Our sequence predictions for late blight capture the Ph-2 and Ph-3 haplotypes accurately when they are present. But predicting the effective QRL load in a complex introgression line requires that those QRL regions be included in our marker panel and that our training data contains sufficient examples of accessions with documented QRL stacking.
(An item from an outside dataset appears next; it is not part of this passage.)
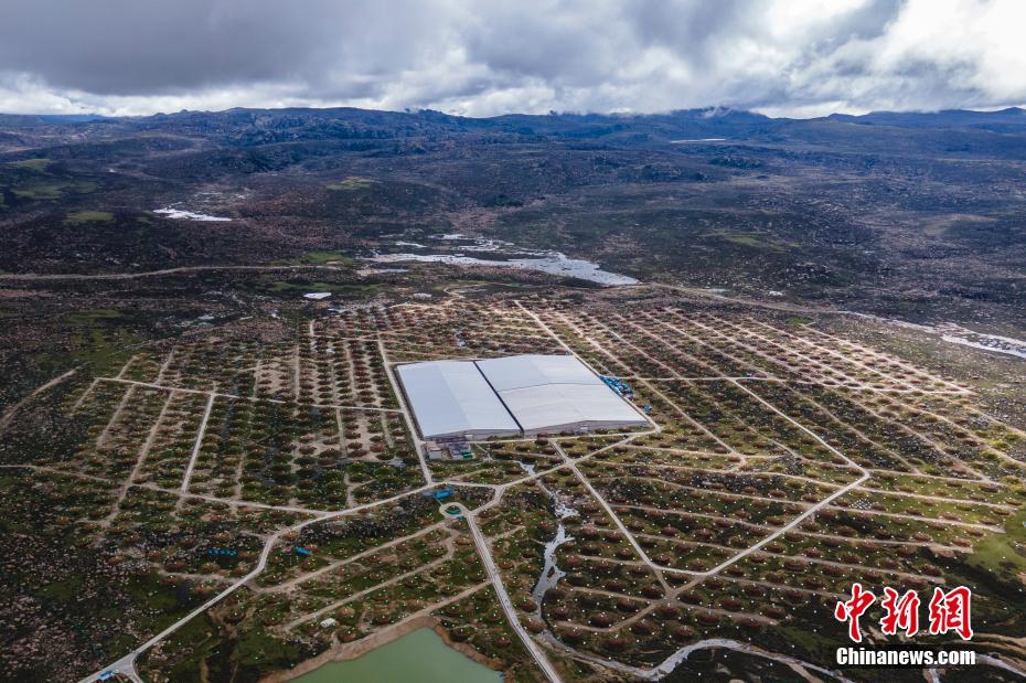 6月28日,四川稻城,觀測站中間房屋結構為水切倫科夫探測器。海拔4410米的四川省甘孜州稻城縣海子山,5216個電磁粒子探測器和1188個繆子探測器,以及占地78000平方米的水切倫科夫探測器有序分布在1.36平方公里范圍,十分壯觀,這是中國建設的第三代高山宇宙線實驗站。中新社記者 劉忠俊

In our current model version, the prediction for late blight is best interpreted as an estimate of major-gene resistance status, with a secondary polygenic modifier score that carries substantial uncertainty for lines with unusual introgression histories.
We are not saying sequence prediction cannot eventually capture quantitative late blight resistance well. We are saying that for this trait, the training data requirement is higher and the current prediction should be understood accordingly.
Practical Application: Stratifying Inoculation Trial Access
Consider a tomato breeding cycle with 620 F3 families, each represented by a few plants from which leaf tissue is collected for genotyping. A Fusarium wilt race 2 inoculation trial has greenhouse capacity for 180 entries per season. The question is which 180 to prioritise.
Using our sequence predictions as a pre-screening filter, the programme eliminates lines predicted as clearly susceptible at the I-2 locus and focuses inoculation capacity on three groups: (1) lines predicted as I-2 resistant for confirmation of I-2 function in their specific genetic background, (2) lines with ambiguous or heterozygous I-2 predictions requiring phenotypic resolution, and (3) a random selection of susceptible-predicted lines as experimental controls. This approach channels inoculation resources toward lines where phenotypic information is most decision-relevant.
The reduction in inoculation trial entries achieved by this approach depends on the frequency of the I-2 allele in the breeding programme's starting material. In a programme that has been selecting on I-2 for several cycles, the clearly susceptible proportion may be low and the pre-screening value modest. In a programme introducing diverse germplasm from wild relatives or landrace sources — where resistance allele status is unknown — pre-screening is more impactful.
Input Data Requirements and Practical Minimum
Our disease resistance predictions for tomato work best with resequencing data at moderate coverage (5–10×) or high-density SNP array data covering the major resistance loci. GBS data works if the target loci are captured at sufficient depth; however, GBS enzyme cut-site distributions do not guarantee coverage at all resistance marker positions, and we advise checking marker coverage at the I, I-2, Ph-2, and Ph-3 positions explicitly before interpreting predictions for those loci.
For low-coverage or GBS data with gaps at key loci, our model flags individual locus predictions as low_coverage_uncertain rather than returning a single aggregate confidence score. We introduced this distinction after early feedback that aggregate scores masked locus-specific data quality problems.
What We Are Working on Next
The most pressing gap in our current tomato model is Tomato Yellow Leaf Curl Virus (TYLCV) resistance. The Ty gene series (Ty-1 through Ty-6) is commercially critical and the resistance alleles have reasonable haplotype characterisation in the literature. We are assembling phenotyped accession data to add TYLCV resistance as a predicted trait in our next model update. Bacterial spot resistance (Xanthomonas spp.) mediated by the Bs gene series is further behind — the genetic complexity and race diversity in European field populations makes this a harder modelling target than the fungal and oomycete resistances we have addressed first.